Video 2. A case with DME on Spectralis OCT scan. Available from https://bcove.video/3iELLPv.
Video 2. A case with DME on Spectralis OCT scan. Available from https://bcove.video/3iELLPv.
Video 3. A case with DME on Triton OCT scan. Available from https://bcove.video/3y2eCnh.
Video 3. A case with DME on Triton OCT scan. Available from https://bcove.video/3y2eCnh.
Conclusions
Regular screening for DR remains a cornerstone of the management of diabetic eye disease, having been shown to reduce blindness at the population level. A major shift in the last decade has been the widespread use of 2D retinal fundus photography for DR screening. However, following the understanding that DME is the primary cause of vision loss among DM patients, OCT has been suggested to utilize for a timely identification and treatment of DME, particularly CI-DME, to prevent vision loss in patients with DM (3,7,26).

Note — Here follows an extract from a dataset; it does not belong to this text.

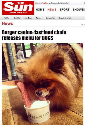 미국 유명 햄버거 체인이 개들을 위한 패스트푸드 메뉴를 선보여 화제다.

In the current study, we developed and validated a novel DL system for the fully automated classification of DME based on both 3D and 2D OCT images from three commonly used devices, yielding volume scan–level results for each eye. We externally tested the DL system using diverse, independent data sets collected from different centers, across different racial/ethnic groups, and in different settings (i.e., community-based screening and tertiary care settings). We showed that the proposed DL system had an excellent discriminative performance in both classifying any DME and distinguishing CI-DME from non-CI-DME, as well as identifying other non-DME retinal abnormalities on OCT images captured by the three widely used devices.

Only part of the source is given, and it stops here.